I see the exact moment the want surges and I think, yes, finally, and his hand comes up to my jaw, his thumb at the corner of my mouth, his whole enormous careful body leaning down into the small space left between us?—
And then he stops.
His forehead drops to mine instead of his mouth. We breathe the same air. His hand trembles against my face, this man whose hands don't tremble, and I understand that the not-kissing is costing him more than the kiss would.
"No," he says, and it's wrecked. "Not like this.
Not when you're hurt and snowed in and I'm the only warm thing in forty miles.
If I ever—if this is ever becomes real, Wren, it's going to be because you chose it from solid ground, not because I was the only door out of the cold.
" He pulls back, just far enough to look at me, and his eyes are bright and furious and tender all at once.
"You've never let anyone close. I'm not going to be a man who took that because the weather handed it to him. You deserve a clear day to decide."

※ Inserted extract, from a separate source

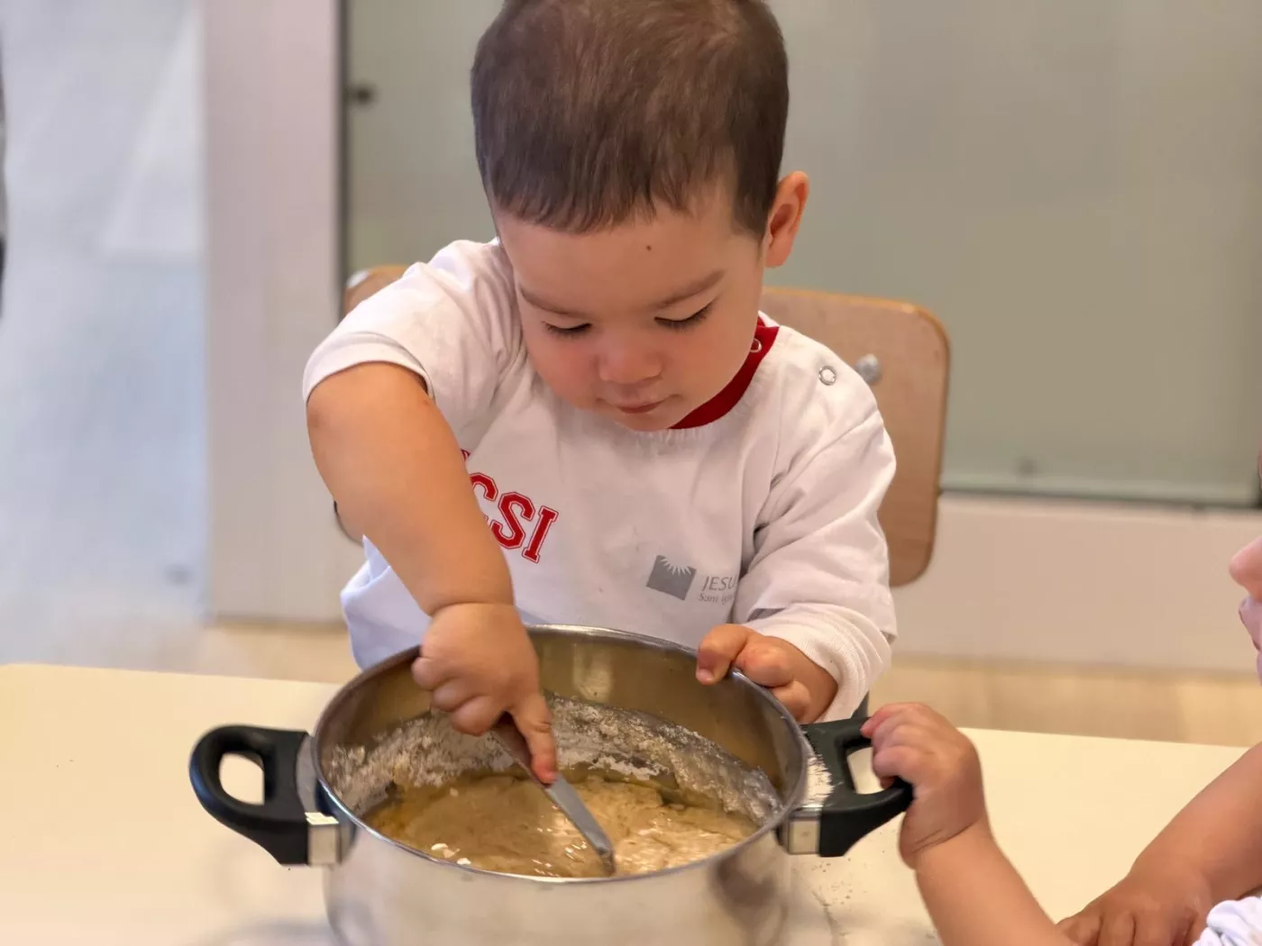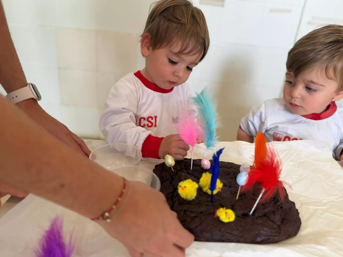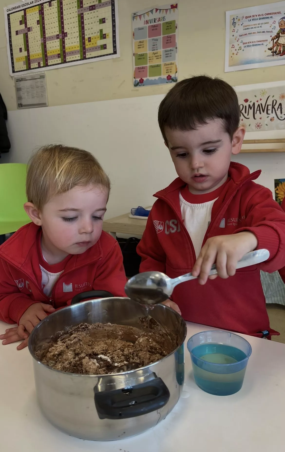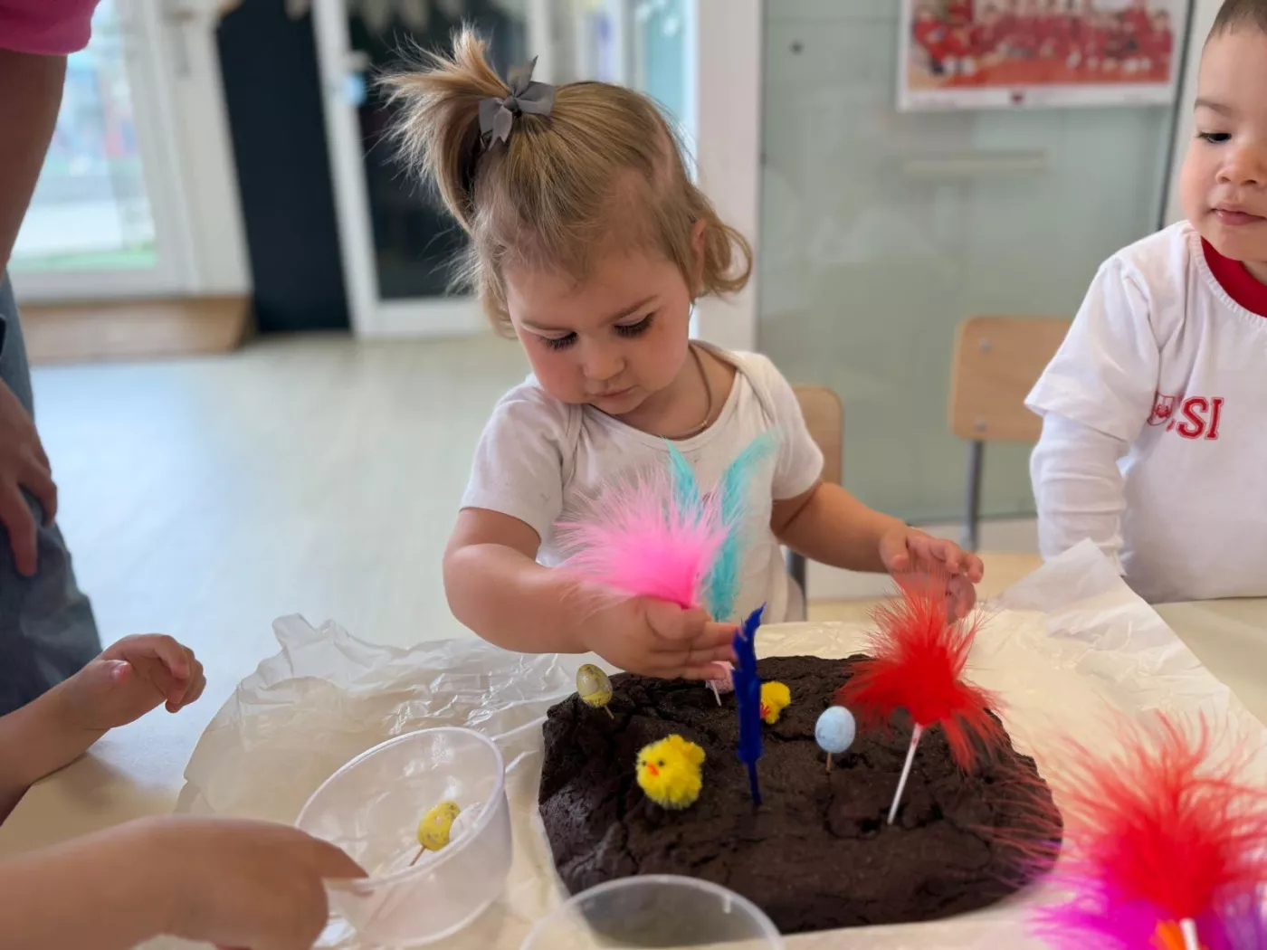 Una de les activitats principals ha estat l’elaboració de la nostra mona de Pasqua: hem anat afegint ingredient a ingredient, observant el procés i participant activament en la preparació. Després l’hem portat a la cuina de l’escola per enfornar-la, i a la tarda l’hem decorat amb elements típics i… finalment, l’hem pogut gaudir per berenar!

He steps back. He rebuilds the line, not on the floor this time, but in himself, and it's worse to watch because I can see how much it hurts him.
I should feel rejected. I've just laid the most private thing I own at the feet of a man who turned away from it.
But that's not what it feels like. It feels, standing there with my heart slamming and his thumb's warmth still on my mouth, like the single most respecting thing anyone has ever done for me.
Like being handed back to myself, whole, with a note that says when you're sure.
No one has ever wanted me enough to refuse me for my own sake.
No one has ever made my yes matter that much.
I love him. The thought arrives plain and enormous and entirely without my permission, the way the snow came. I love him, this lethal, lonely, gentle, impossible man, and he just made it impossible to do anything but.
"Okay," I whisper. "A clear day."
"A clear day," he agrees, rough.
Juniper's head comes up off her paws.
A half-second later, so does Eli's. His hand is on the rifle and his whole body has changed, gone to that terrible stillness, and he's at the window, and his voice when it comes is no longer the man who almost kissed me.
"Get away from the glass," he says. "Now. Somebody's on the saddle."